If you are creating a sequence by typing it into a text editor, then the best format is probably fasta format. Simply start the entry with a title line. This title line starts with a > character followed by the ID name of the sequence then any other comments. Subsequent lines contain the sequence. Many sequence entries can follow each other in a single file.
If you are truely masochistic, you will have typed your sequence into a word-processor. Don't do it again! If you click on the 'File' button and then on 'Save As..' you should be able to save your sequence as 'Text'. If you are lucky, you now have a sequence in 'plain' format.

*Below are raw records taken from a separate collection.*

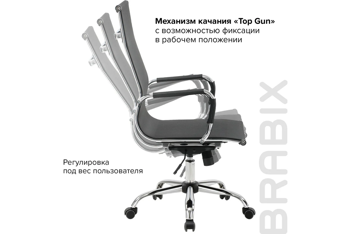 Надежный механизм качания "Top Gun" гарантирует хорошую поддержку спины и поясницы за счет возможности свободного качания с фиксацией в одном рабочем положении и регулировку угла наклона под вес сидящего.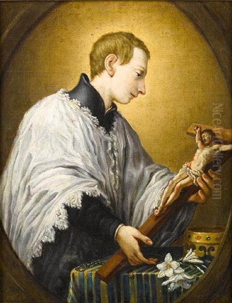 Saint Luigi Gonzaga Adoring A Crucifix, Within A Painted Oval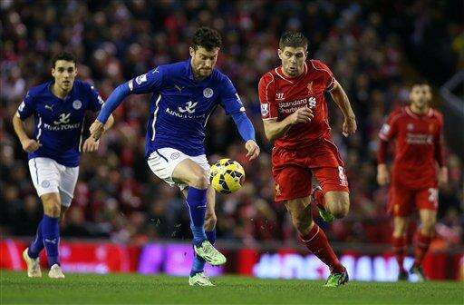 Leicester City's David Nugent, left, and Liverpool's Steven Gerrard battle for the ball during the English Premier League soccer match at Anfield, Liverpool, England, Thursday Jan. 1, 2015. (AP Photo/PA, Peter Byrne) UNITED KINGDOM OUT NO SALES NO ARCHIVE The Associated Press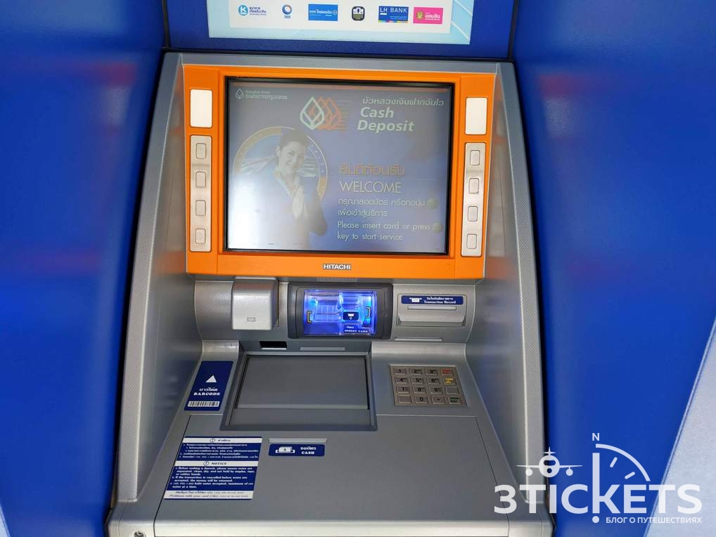 Тайские устройства самообслуживания АТМ выдают только местную валюту — баты. Конвертация производится автоматически согласно курсу Сбера либо платежной системы. Аппараты устанавливаются в крупных торговых точках, на улицах. Второй вариант позволяет снимать деньги круглосуточно — уличные банкоматы доступны всегда.

To convert the sequences in the file 'myfile.seq' into the format 'embl' in the new file 'myfile2.seq', run either:
seqret myfile.seq embl::myfile2.seq
or
seqret myfile.seq myfile2.seq -osf embl
('-osf' is an abbreviation for '-osformat')
These two commands are exactly equivalent.

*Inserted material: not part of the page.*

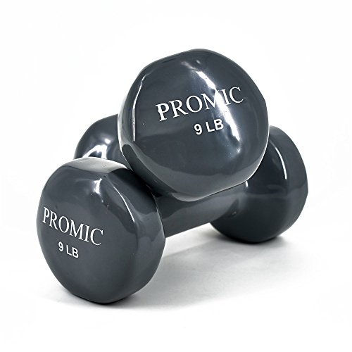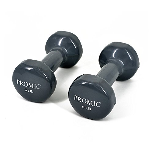 PROMIC 9-Pound Hand Weights Deluxe Solid Vinyl Dumbbells with Non-Slip Grip for Fitness Exercise,Set of 2

There are other command-line qualifiers that change the behaviour of the sequence input.
-sbegin integer first base used -send integer last base used, default=seq length -sreverse boolean reverse (if DNA) -sask boolean ask for begin/end/reverse -snucleotide boolean sequence is nucleotide -sprotein boolean sequence is protein -slower boolean make lower case -supper boolean make upper case -sformat string input sequence format -sopenfile string input filename -sdbname string database name -sid string entryname -ufo string UFO features -fformat string features format -fopenfile string features file name
There are other command-line qualifiers that change the behaviour of the sequence output.
-osformat string output sequence file format -osextension string file name extension -osname string base file name -osdirectory bool output sequence file directory -osdbname string database name to add -ossingle bool create a separate output file for each entry -oufo string feature file to create -offormat string features format -ofname string features file name -ofdirectory string features output directory
More formats, both for input and for output, can be easily added, so suggestions are always welcome.